The risk increases when the contracted LNG is delivered not into regulated monopolies, but increasingly competitive downstream markets with growing exposure to international spot fundamentals and prices.

This is accelerating the erosion of the traditional LNG supply model globally, in favor of deals that are shorter, smaller and more flexible, and priced not against an associated commodity but LNG itself.

Managing risk re-allocation

This transformation increasingly shifts the focus of risk from buyers to sellers. The question then becomes how to mitigate this new risk, and the answer lies, as in other commodities, in the development of greater transparency and a more robust financial architecture.

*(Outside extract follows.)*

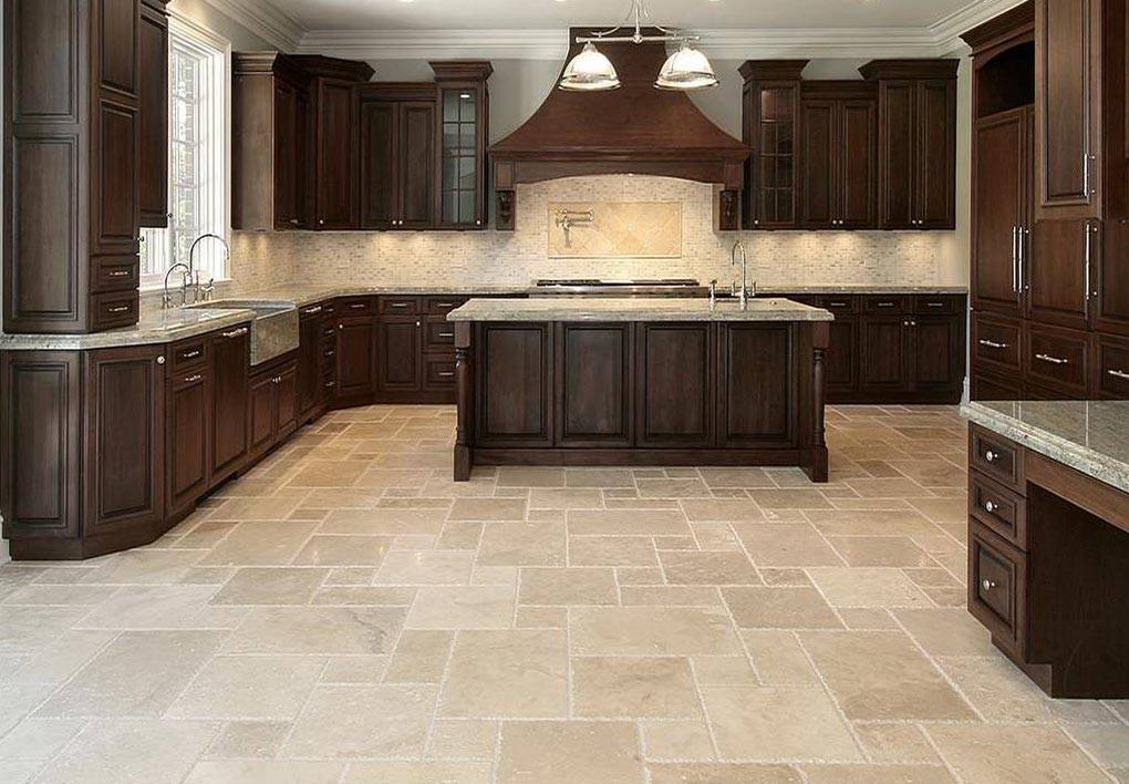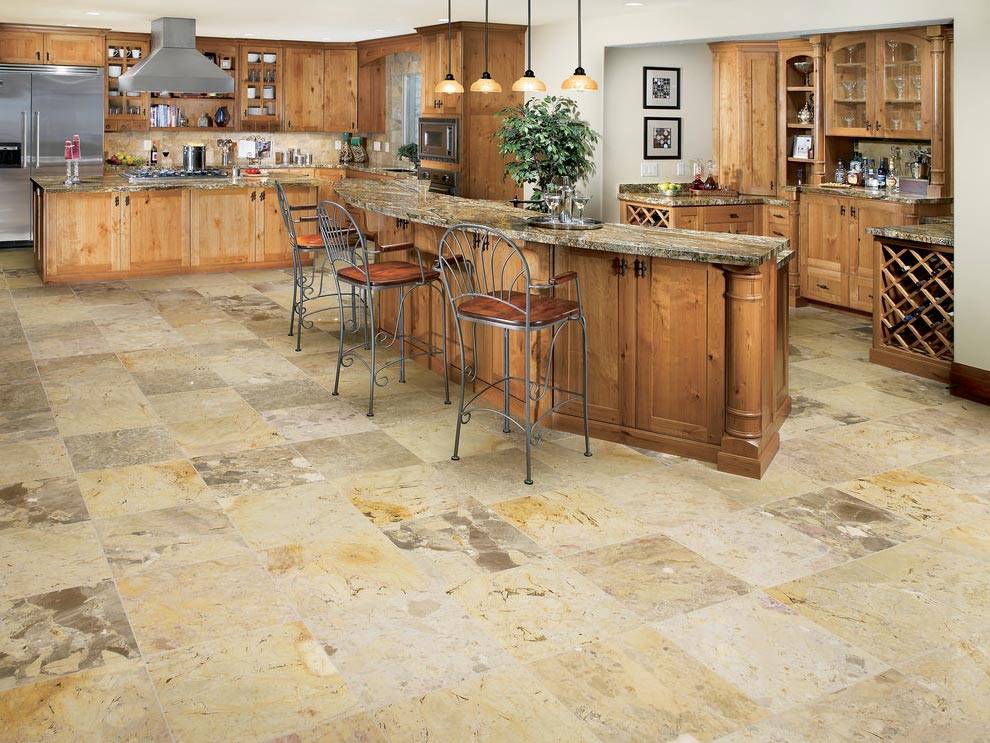 Вариант дизайна кухни с керамической плиткой на полу.

That is one that more closely reflects the increasingly pivotal role of spot markets, with robust pricing benchmarks strengthening the market’s hedging capabilities.

The LNG derivatives markets are experiencing exponential growth, driven by two key factors: demand for risk management solutions as the transition from the inflexible supply agreements of the past into a more versatile industry gathers pace, and support for the only liquid LNG financial instrument, the JKM Swap.

Exchanges cleared a record-high volume of 9,523 lots of the Platts JKM Swap contract in January, the equivalent of 1.83 million mt of LNG, smashing the previous record high of 6,720 lots in August 2017, according to exchange and broker data.

Abache Abreu is a senior editor for LNG News and Analysis for the Asia-Pacific and Middle East regions at S&P Global Platts.